- Born: 21 April 1882 Birkenhead, England
- Died: 13 August 1959 (aged 77) Sydney, Australia
- Allegiance: United Kingdom Australia
- Branch: Royal Navy Australian Army Royal Australian Naval Reserve
- Service years: 1909–1918 1939–1941
- Rank: Sergeant (AIF) Petty Officer (RANR)
- Unit: 20th Battalion
- Conflicts: First World War Asian and Pacific theatre; Gallipoli Campaign; Western Front Battle of the Somme; Battle of Pozières; Battle of Arras; Battle of Passchendaele; ; ; Second World War;
- Awards: Distinguished Conduct Medal & Bar

= Daniel Poole =

Daniel Poole DCM & Bar (21 April 1882 – 13 August 1959) was an Australian soldier and sailor. On 15 April 1917, during the battle of Lagnicourt, Poole collected a party of men and led them forward under heavy fire, killing nine enemy and capturing fifteen prisoners. For his leadership and bravery he was awarded the Distinguished Conduct Medal.

==Early life==
Daniel Poole was born on 21 April 1882 at Birkenhead, England, son of Richard Poole, baker, and his wife Anne, née Warburton. Leaving home at age 11, he worked on a German sailing clipper. He arrived in Sydney in 1909, and subsequently worked as a marine stoker and served for five years with the Royal Naval Reserve. On 13 August 1910, Poole married Mary O'Donnell, a domestic servant and together they had one son. Poole was described as 5 ft 8 ins (173 cm) tall, with fair complexion, blue eyes, fair hair and tattooed on both arms and shoulders. Before joining the army, he gave his trade as marine fireman.

==First World War==
On 15 August 1914, Poole enlisted in the Australian Naval and Military Expeditionary Force to German New Guinea. Poole returned to Australia with that force and he was discharged on 5 March 1915. Like many other members of the expeditionary force, Poole subsequently enlisted in the Australian Imperial Force on 13 May 1915. Poole was posted to the 20th Battalion, and that unit embarked from Sydney on 26 June 1915, on board HMAT A35 Berrima. On 14 July 1915, he was promoted to lance corporal. The 20th Battalion landed at Gallipoli on 22 August and the unit took up a position at Russell's Top until evacuated on 20 December. The battalion was taken to Egypt for further training and then moved to France, arriving at Marseille on 25 March 1916. He fought at the Somme and in July was involved in the heavy fighting at Pozières. On 16 August 1916, Poole was promoted to temporary sergeant, later confirmed on 1 December.

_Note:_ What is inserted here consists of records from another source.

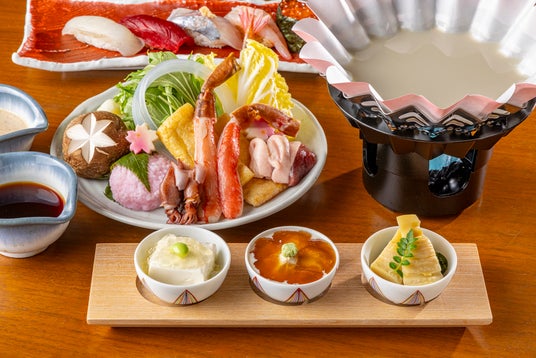 小鉢に入った3種類の前菜は、出汁のジュレを添えた「自家製豆腐」、繊細な甘さの「汲み上げ湯葉」、旬の筍と歯ごたえの良い鳴門若布の「若竹煮」をご用意。続いて「2種のお造り」をご賞味いただいた後はお1人様お1つずつご用意する小鍋が登場します。まだ肌寒さの残る季節に嬉しい、鰹節と昆布の出汁を上品にきかせた豆乳鍋のまろやかな香りに包まれながら蟹や合鴨、蛍烏賊に加え、桜葉の香りがふわりと広がる桜道明寺や生桜麩、季節野菜などを胡麻だれやポン酢と共にお楽しみいただけます。
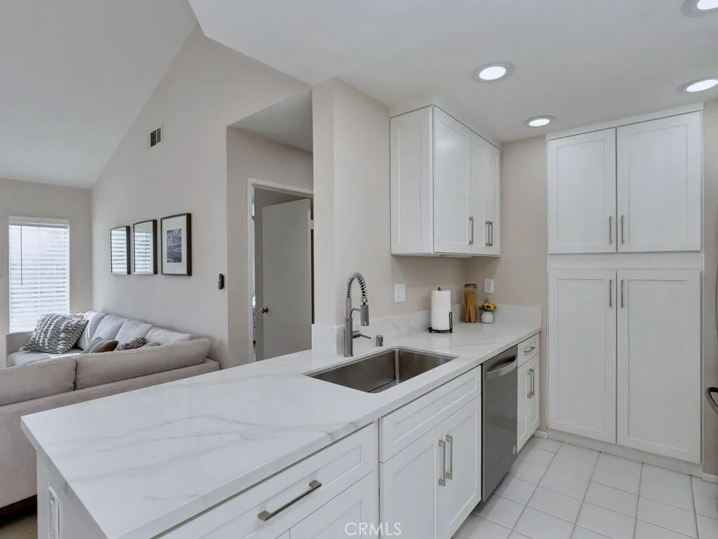 Great Corner Unit-Light and Bright and move-in ready, 71 Cloudcrest is a stylish and upgraded unit in Aliso Viejo, a gorgeous community in the heart of Orange County. Step inside to a beautifully remodeled interior with a custom white kitchen featuring quartz countertops, modern cabinetry, and stainless steel appliances for a fresh, contemporary feel. Updated lighting and abundant natural light fill open living and dining spaces anchored by a cozy fireplace, while a private balcony is perfect for morning coffee or relaxing evenings. The newly remodeled primary bathroom includes dual sinks, quartz countertop, spacious shower, and elegant tile floors for practical luxury. The updated second bathroom extends the same attention to detail and modern finishes, offering comfort and convenience for guests etc. Just steps across the street, Creekside Park features scenic walking paths, nature trails and community favorite dog park, ideal spot for pet owners and anyone who enjoys the outdoor. Residents of The Villas also enjoy a resort-style community pool, perfect for relaxing or socializing on sunny days. Town Center shopping, dining, and gorgeous beaches are only a short drive away. This turnkey home is ready for its next chapter, visit, experience the light-filled spaces, and make it yours. Don't wait, this one wont last long! DM me for a private showing.
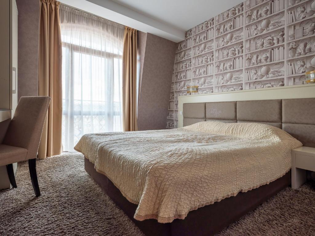 Готель Concorde розташований на тихій, спокійній вулиці в місті Велико-Тирново, за 5 хвилин ходьби від різноманітних розважальних закладів у центрі міста. 4-поверховий готель оснащений розкішним ліфтом, а з вікон його бару відкривається мальовничий вид на Свету Гору і Арбанаси, старовинне селище з унікальною архітектурою. Будівля готелю внесена до списку культурних пам'яток Старого міста. Цей статус підкреслюється вдалим поєднанням класичного італійського та французького стилів в інтер'єрах усіх приміщень готелю. До послуг гостей затишний лобі-бар, конференц-зал, сауна та зона відпочинку, оздоблена в яскравій кольоровій гамі. При готелі працює парковка, стоянка таксі, пункт прокату автомобілів і квітковий магазин.
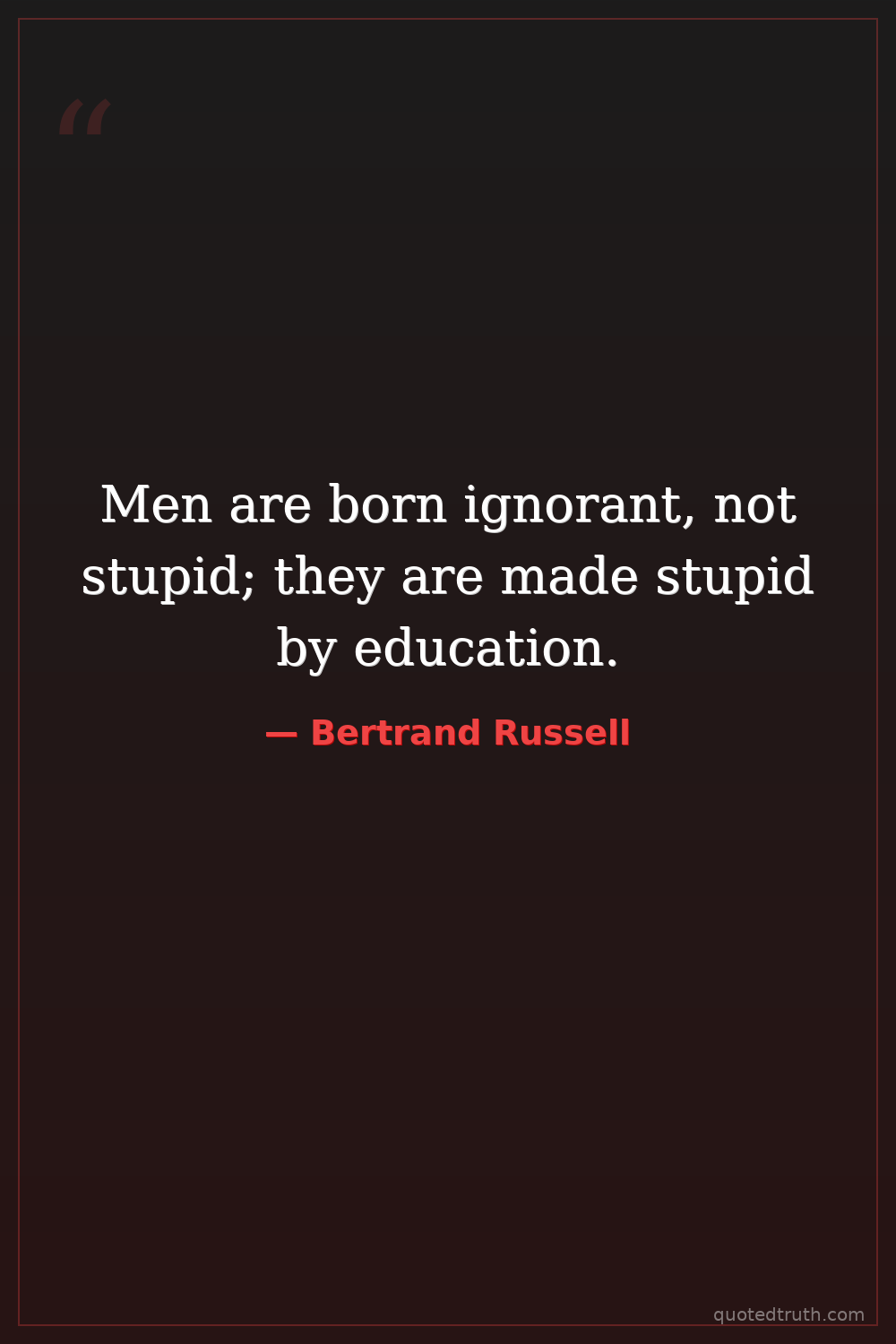 Men are born ignorant, not stupid; they are made stupid by education.

On 15 April 1917, during the battle of Lagnicourt, Poole gathered a party of volunteers and led them forward under heavy fire, killing nine enemy and capturing fifteen others. For his leadership and bravery he was awarded the Distinguished Conduct Medal. Four days later, on 19 April, he was wounded and evacuated. The award was gazetted on 18 June 1917, with the citation:

1422 Sgt. D. Poole, Infy.

For conspicuous gallantry and devotion to duty. He collected a party of men and gallantly led them forward under heavy fire, inflicting many casualties on the enemy and capturing 15 prisoners.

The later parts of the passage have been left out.